■ **Dataset excerpt**
%%

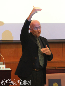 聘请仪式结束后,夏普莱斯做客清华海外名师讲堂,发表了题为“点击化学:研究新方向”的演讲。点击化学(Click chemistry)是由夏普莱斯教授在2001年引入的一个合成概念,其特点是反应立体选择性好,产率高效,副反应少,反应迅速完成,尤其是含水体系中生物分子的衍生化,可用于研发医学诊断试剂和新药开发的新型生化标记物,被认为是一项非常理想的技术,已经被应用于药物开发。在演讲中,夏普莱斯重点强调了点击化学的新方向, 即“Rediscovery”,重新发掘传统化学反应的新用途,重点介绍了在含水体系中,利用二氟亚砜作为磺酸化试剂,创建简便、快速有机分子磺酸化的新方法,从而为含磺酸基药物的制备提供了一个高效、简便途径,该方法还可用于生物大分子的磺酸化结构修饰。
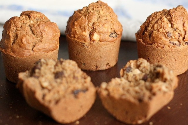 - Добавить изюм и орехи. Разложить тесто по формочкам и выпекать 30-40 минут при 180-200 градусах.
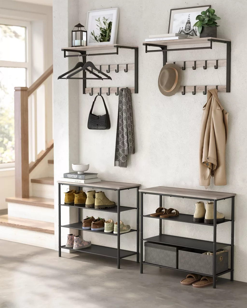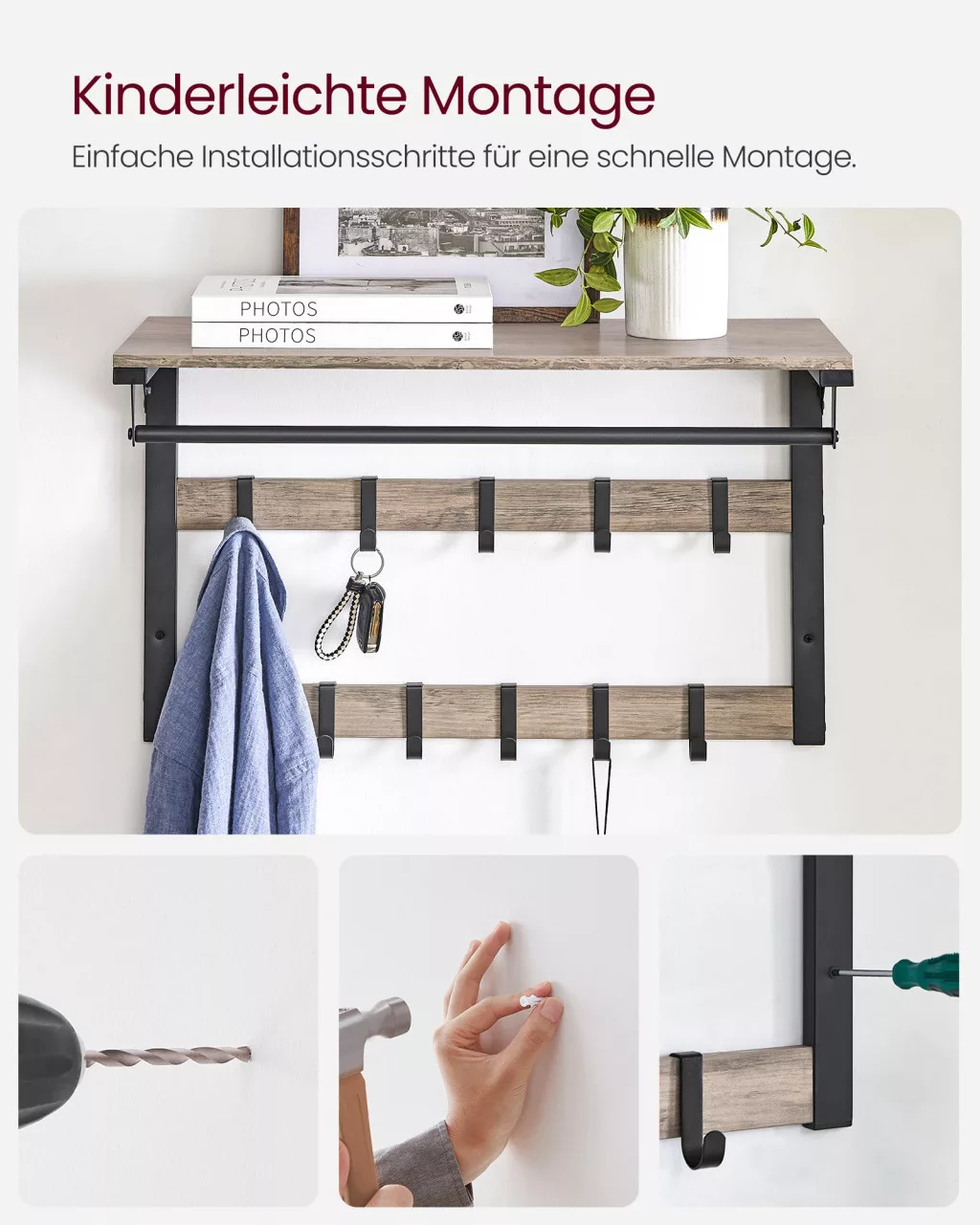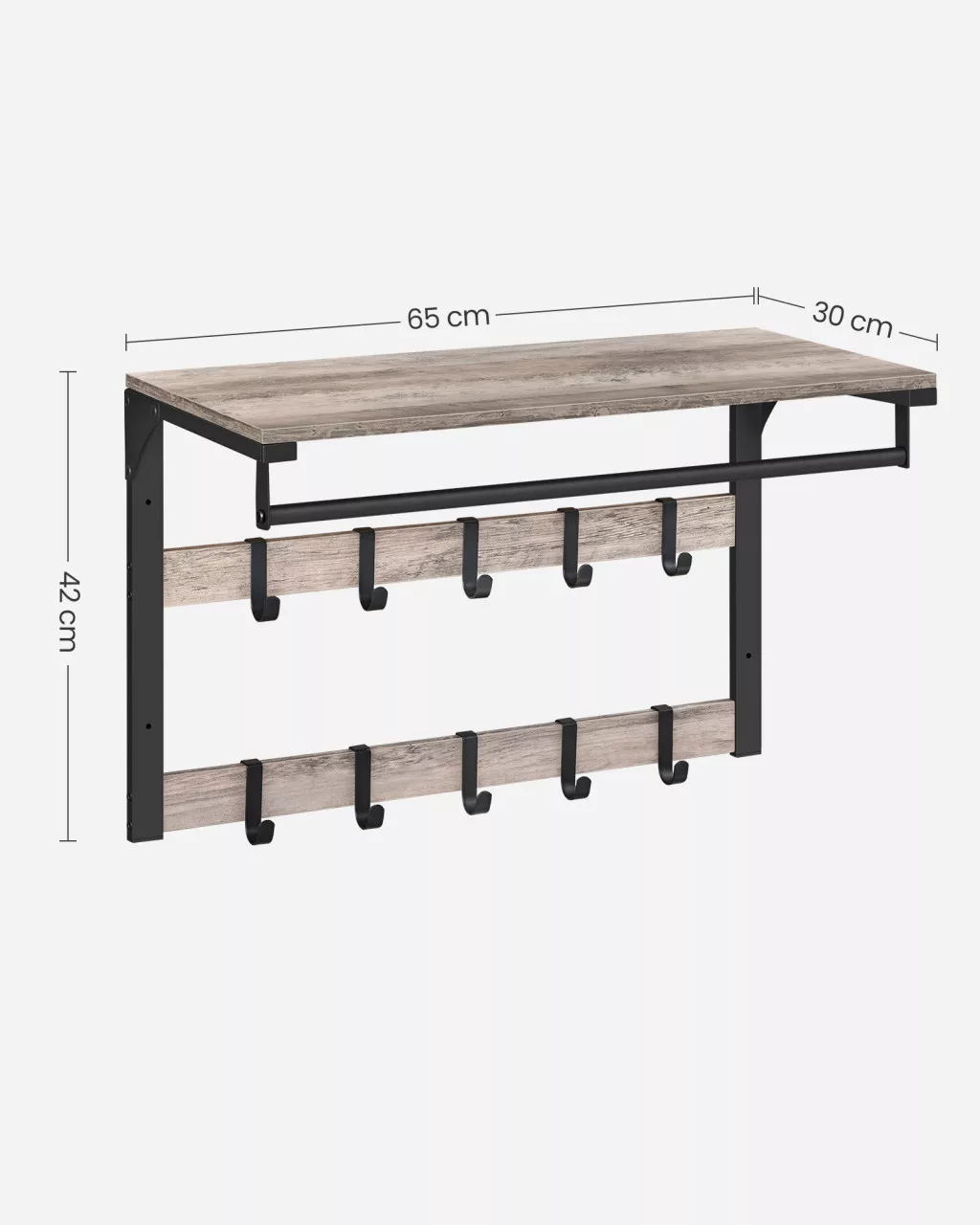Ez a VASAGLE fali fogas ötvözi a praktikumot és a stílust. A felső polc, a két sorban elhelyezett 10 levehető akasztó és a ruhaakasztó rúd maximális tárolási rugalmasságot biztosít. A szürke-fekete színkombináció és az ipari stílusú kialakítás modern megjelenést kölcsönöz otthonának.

%%

■ **Activity**
The line containing "- Добавить изюм" marks the end: retype every line from the first one in the listing up to and including it, without pictures.

■ **Solved problem**
 聘请仪式结束后,夏普莱斯做客清华海外名师讲堂,发表了题为“点击化学:研究新方向”的演讲。点击化学(Click chemistry)是由夏普莱斯教授在2001年引入的一个合成概念,其特点是反应立体选择性好,产率高效,副反应少,反应迅速完成,尤其是含水体系中生物分子的衍生化,可用于研发医学诊断试剂和新药开发的新型生化标记物,被认为是一项非常理想的技术,已经被应用于药物开发。在演讲中,夏普莱斯重点强调了点击化学的新方向, 即“Rediscovery”,重新发掘传统化学反应的新用途,重点介绍了在含水体系中,利用二氟亚砜作为磺酸化试剂,创建简便、快速有机分子磺酸化的新方法,从而为含磺酸基药物的制备提供了一个高效、简便途径,该方法还可用于生物大分子的磺酸化结构修饰。
 - Добавить изюм и орехи. Разложить тесто по формочкам и выпекать 30-40 минут при 180-200 градусах.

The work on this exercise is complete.